Problem details:
An exact copy is the goal: every line from the one containing "Machin | | FEATURES |" to the end of the material below, pictures excluded.

Information supplied:
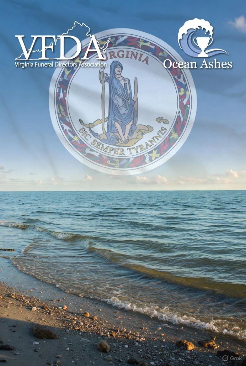 Ocean Ashes is proud to partner with the Virginia Funeral Directors Association (VFDA), offering seamless ash scattering services at sea as a trusted extension of their members' compassionate care, ensuring families across Virginia—from the beaches of Hampton Roads to the mountains of Southwest Virginia—can honor loved ones with dignity and warmth. Learn more at www.vfda.net.
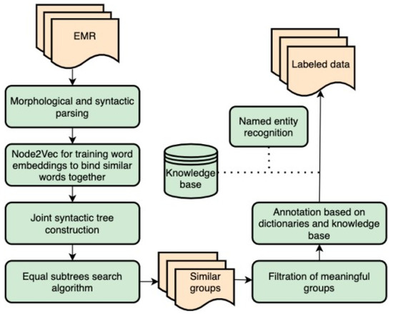 The key contributions of this work are a design of a new methodology for automatic annotation of EMRs, a proposed method for finding similar subtrees in a tree, a successful application of a classic Node2Vec algorithm to syntactic trees, and a creation of a medical Wikidata-based database for labeling in Russian. The whole pipeline can be adapted to other languages by changing the language-specific preprocessing module. Additionally, a corresponding database can be created by changing a language code. For Russian, a graphic interface was implemented for annotating new datasets with statistical representation.
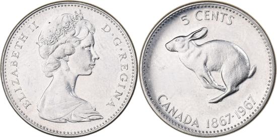 | | Canada, Elizabeth II, 5 Cents, 1867-1967, Royal Canadian Mint, Nickel | | | Queen's bust right, Snowshoe rabbit bounding left divides dates and denomination, Arnold Machin | | FEATURES |
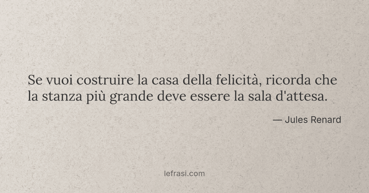 Se vuoi costruire la casa della felicità, ricorda che la stanza più grande deve essere la sala d'attesa.

Exercise response:
 | | Canada, Elizabeth II, 5 Cents, 1867-1967, Royal Canadian Mint, Nickel | | | Queen's bust right, Snowshoe rabbit bounding left divides dates and denomination, Arnold Machin | | FEATURES |
 Se vuoi costruire la casa della felicità, ricorda che la stanza più grande deve essere la sala d'attesa.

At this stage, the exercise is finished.